Güvenlik güçleri, yargı ve askeriyede koalisyon ortaklarının konumlarını, toplumun geneli pahasına sağlamlaştırma faaliyetleri daha fazla istikrarsızlığa sebep oldu. Siyasetin merkezinde olmayı uman diğer ortaklar içinse durum tam bir fiyasko oldu.
Bu açıdan koalisyonun başarısızlığa düşmesi kaçınılmazdı. Merkezde olmayı ümit edenler kenara itildi ki bu da eleştirel seslerin çıkmasına sebep oldu.
İşte bütün bunlar Sisi rejiminin kendi ayağına sıkması demekti. Buğday ithali krizi, Al Jazeera muhabiri fiyaskosu, Rusya Metrojeti'nin bombalanması ve İtalyan öğrenci Giulio Regeni'nin öldürülmesi bunlardan sadece birkaçı.

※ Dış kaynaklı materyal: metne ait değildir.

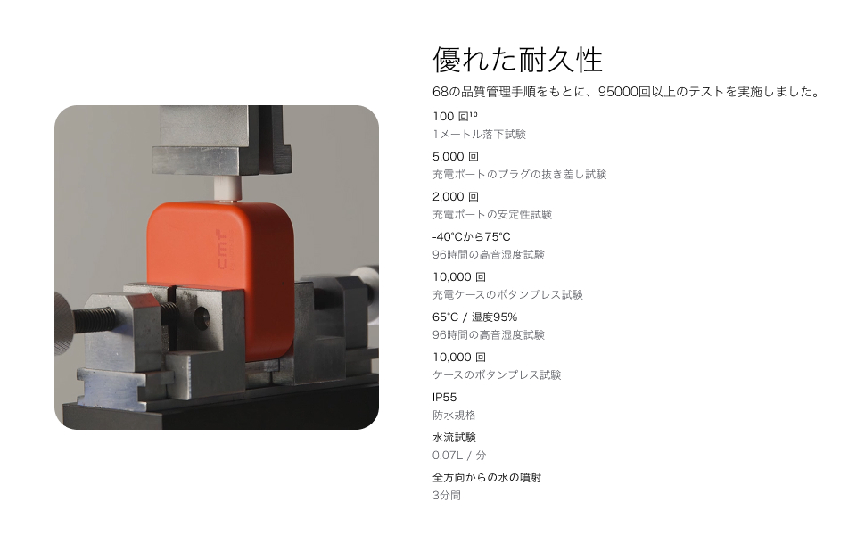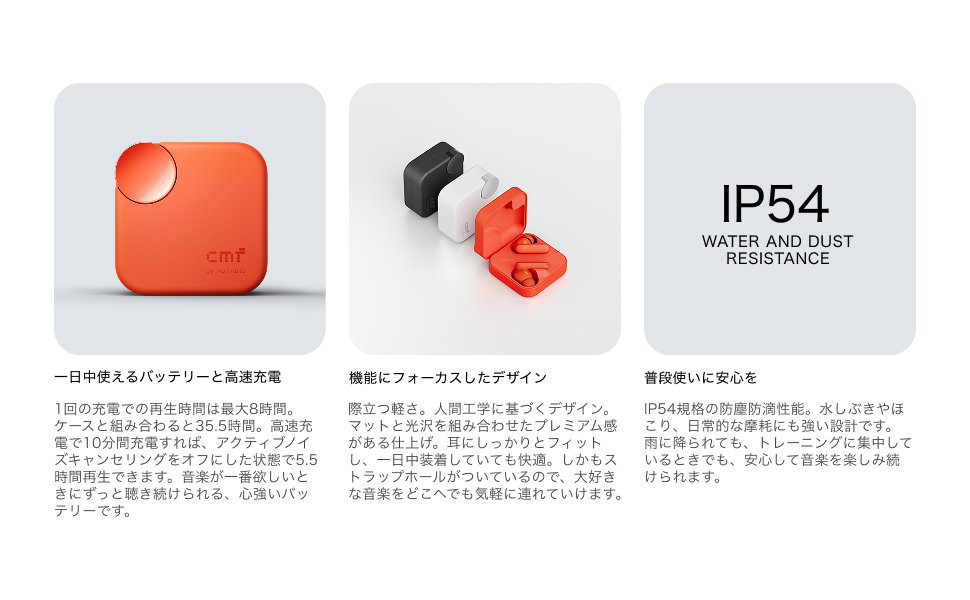 イヤホン本体はIP54準拠の防塵・防滴設計。汗や小雨、ちりにも強く、ジムや屋外での使用にも最適です。日常のさまざまなシーンで、安心して音楽を楽しめる設計です。

Mısır'ın demokratik deneyimini destekleyen muhaliflerin yanına yenileri katıldı. Sisi, ve iktidardaki paydaşları daha fazla ‘kaba kuvvete' ihtiyaç olduğunu sonucuna vardı. 2014 ve 2015 yılları boyunca giderek artan ret ve bastırma eylemlerine şahit olduk.

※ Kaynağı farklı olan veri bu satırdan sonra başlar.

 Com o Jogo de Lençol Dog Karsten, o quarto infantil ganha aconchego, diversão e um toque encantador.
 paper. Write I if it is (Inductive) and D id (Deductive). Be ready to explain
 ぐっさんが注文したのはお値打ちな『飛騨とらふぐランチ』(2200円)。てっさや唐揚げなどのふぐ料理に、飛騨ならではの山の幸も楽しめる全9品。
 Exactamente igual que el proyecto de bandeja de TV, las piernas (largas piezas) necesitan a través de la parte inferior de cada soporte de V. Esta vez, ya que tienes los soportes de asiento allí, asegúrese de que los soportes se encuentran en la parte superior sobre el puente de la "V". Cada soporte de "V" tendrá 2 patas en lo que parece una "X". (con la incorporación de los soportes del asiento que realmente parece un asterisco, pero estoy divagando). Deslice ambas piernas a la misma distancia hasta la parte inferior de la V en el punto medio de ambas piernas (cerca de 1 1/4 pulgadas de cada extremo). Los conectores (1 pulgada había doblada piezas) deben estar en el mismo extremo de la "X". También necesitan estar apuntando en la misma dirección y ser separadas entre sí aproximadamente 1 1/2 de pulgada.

Mübarek, Mısır siyasasını maharetle idare etme yeteneğine sahipti, siyaset aktörleri kendi paylarına kazanımlar elde edecek yeterli alana sahip oluyordu. Bununla birlikte 30 yıllık idaresi boyunca bu düzen giderek zeminin kaybetti ve 2010 yılında sonuçlarından muzdarip oldu.

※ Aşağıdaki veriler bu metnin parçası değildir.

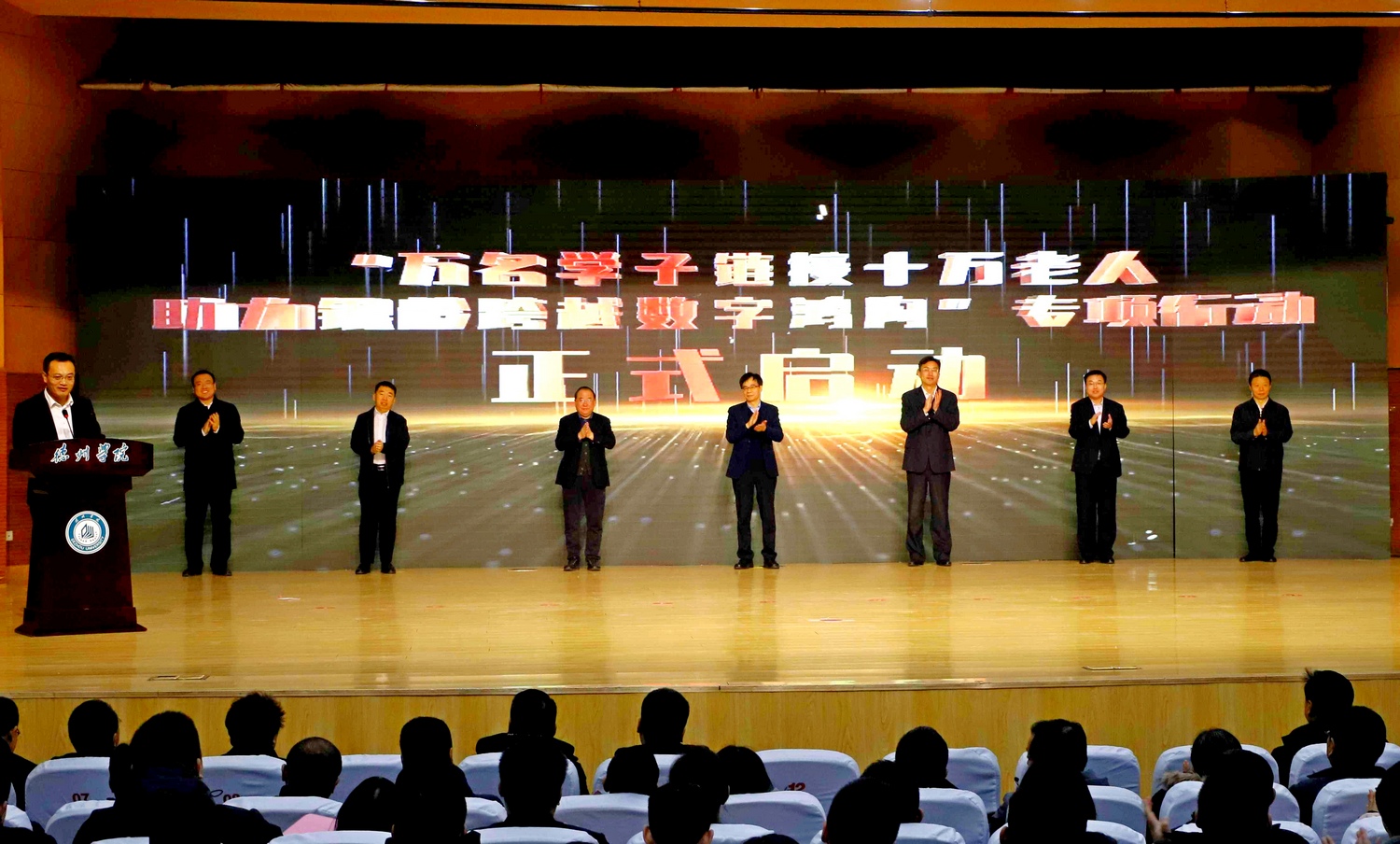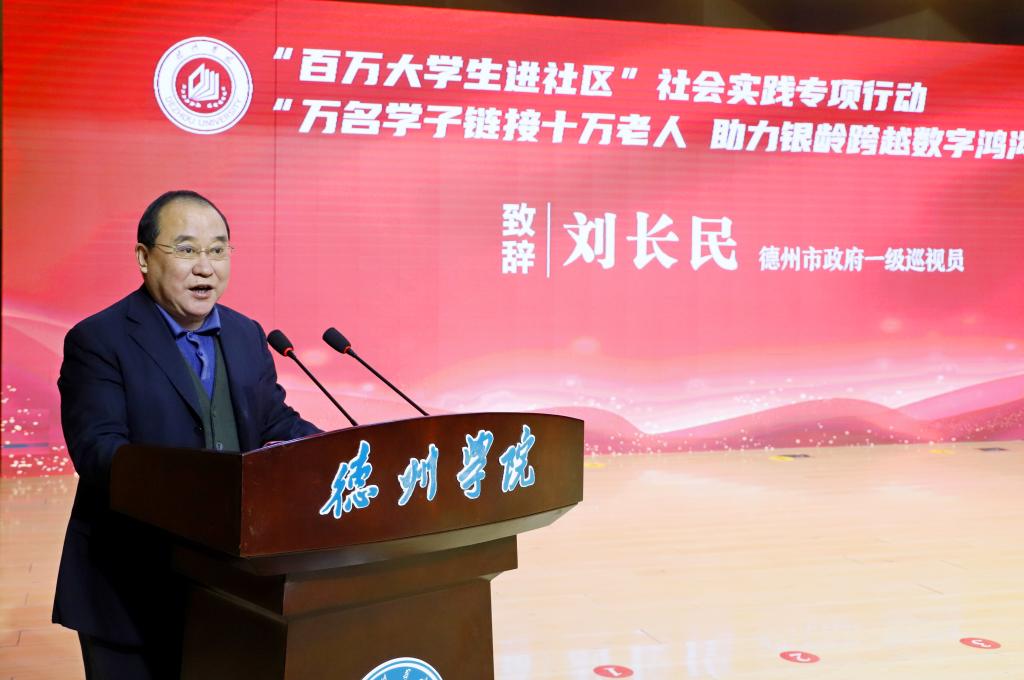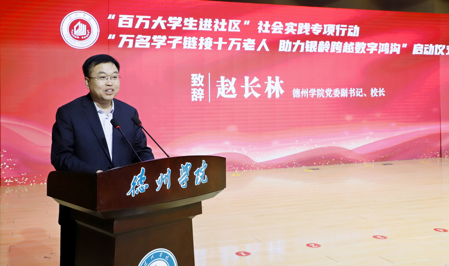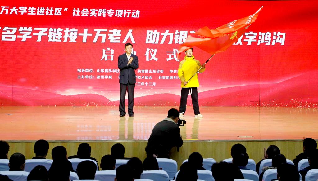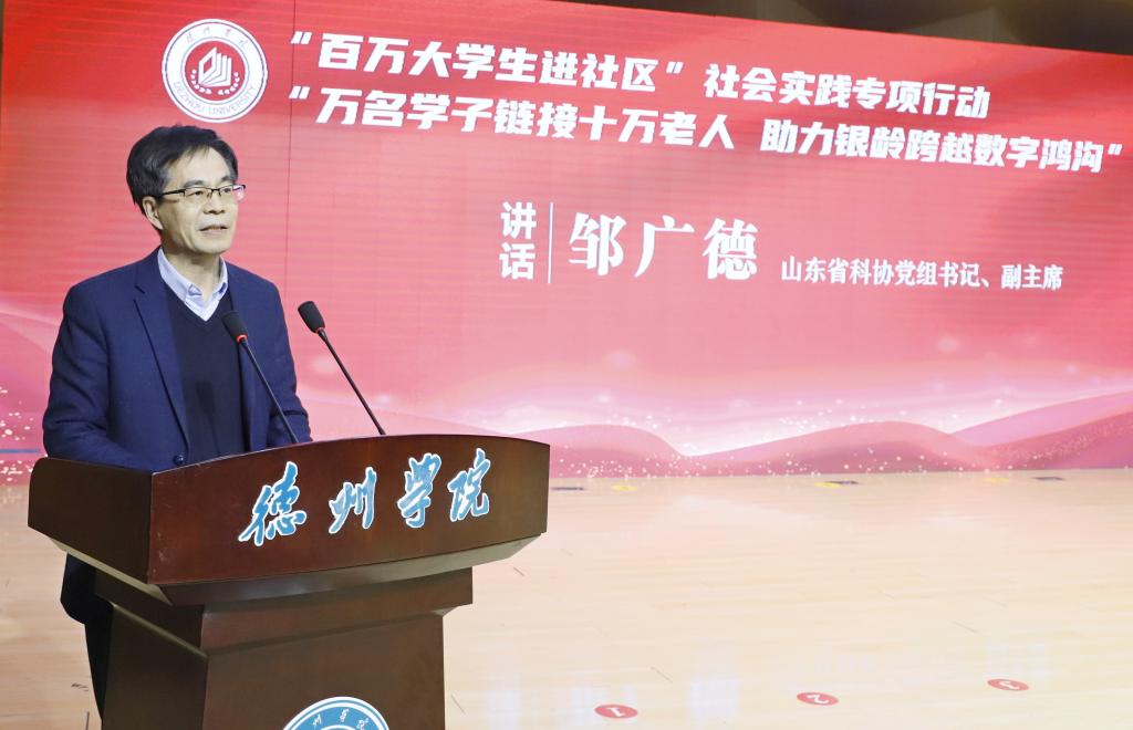 12月29日,“百万大学生进社区”社会实践专项行动“万名学子链接十万老人 助力银龄跨越数字鸿沟”启动仪式在bat365在线唯一官网登录隆重举行。山东省科学技术协会党组书记、副主席邹广德,共青团山东省委副书记、省青联主席尚胜波,德州市政府一级巡视员刘长民,bat365在线唯一官网登录党委副书记、校长赵长林,党委委员、副校长李甲亮,党委委员、副校长蒋涛涛出席活动。

Sisi, hiçbir zaman bu kuralları anlamadı ve kendi muhayyel karizmasının sarhoşluğunu yaşadı.”
Sisi Ne Zaman Devrilecek?
Amerika'nın önde gelen üniversitelerinde öğretim üyesi olan ve Mısır ve Suriye'deki devlet yapıları hakkında uzmanlığı bulunan Joshua Stacher Sisi yönetimini Al Jazeera için değerlendirdi.
“Mısır'ın asker kökenli cumhurbaşkanı Abdulfettah Sisi'nin koltuğu sallanıyor.
Sisi nereye dönerse dönsün, dar görüşlü generallerin içinde boğulup kaldığı ve ülkeyi yakıp kavuran siyasi, sosyal ve ekonomik istikrarsızlıktan kaçamıyor.
Bu sorunlar yaşanıyor çünkü 2011 yılından yani devrimden sonra Mısır halkının talepleri anlaşılmadı ve karşılanmadı.
Mısırlılar modern tarihlerinde gördükleri en baskıcı idarenin altında yaşamanın yanında polis tarafından uygulanan şiddet de günlük uygulama haline geldi.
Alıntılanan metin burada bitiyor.